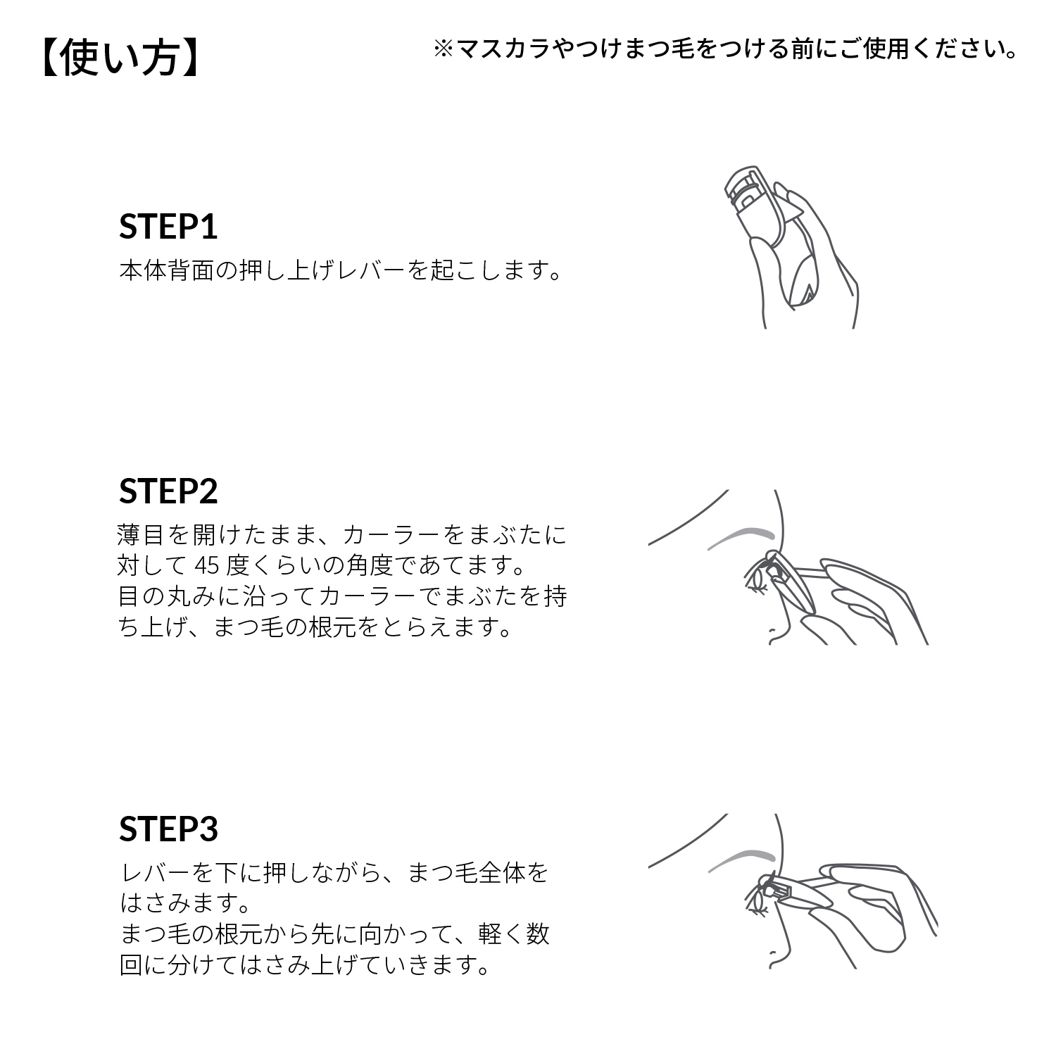 ・まつ毛をはさむ時は、力を入れ過ぎないでください。まつ毛が切れる、あるいは抜けることがあります。
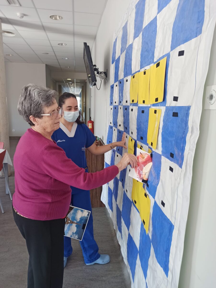 Con respecto a la parte funcional de la actividad, el residente tendrá que estar en bipedestación si así es posible o en silla de ruedas si no es capaz de la misma. También se trabajará miembros superiores a la hora de colocar fichas e inferiores al tener que agacharse para la realizar la actividad.
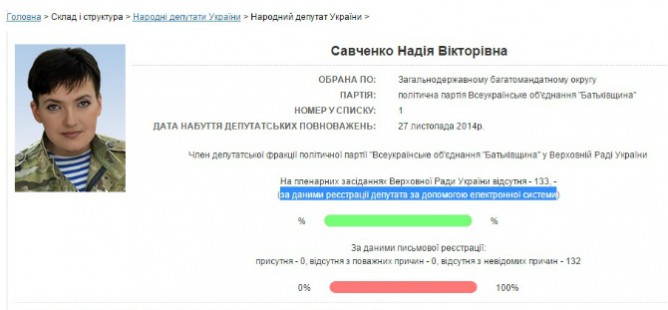 Так, согласно парламентсткой статистике посещений пленарных заседаний, Савченко не присутствовала ни на одном заседании. Как указывается, она ни разу не отсутствовала по уважительным причинам — 132 заседания нардеп пропустила «по неизвестным причинам».

Task details — Copy nothing but the lines from the first one in the listing through the line with "Con respecto a", and omit the pictures.

Problem solution —
 ・まつ毛をはさむ時は、力を入れ過ぎないでください。まつ毛が切れる、あるいは抜けることがあります。
 Con respecto a la parte funcional de la actividad, el residente tendrá que estar en bipedestación si así es posible o en silla de ruedas si no es capaz de la misma. También se trabajará miembros superiores a la hora de colocar fichas e inferiores al tener que agacharse para la realizar la actividad.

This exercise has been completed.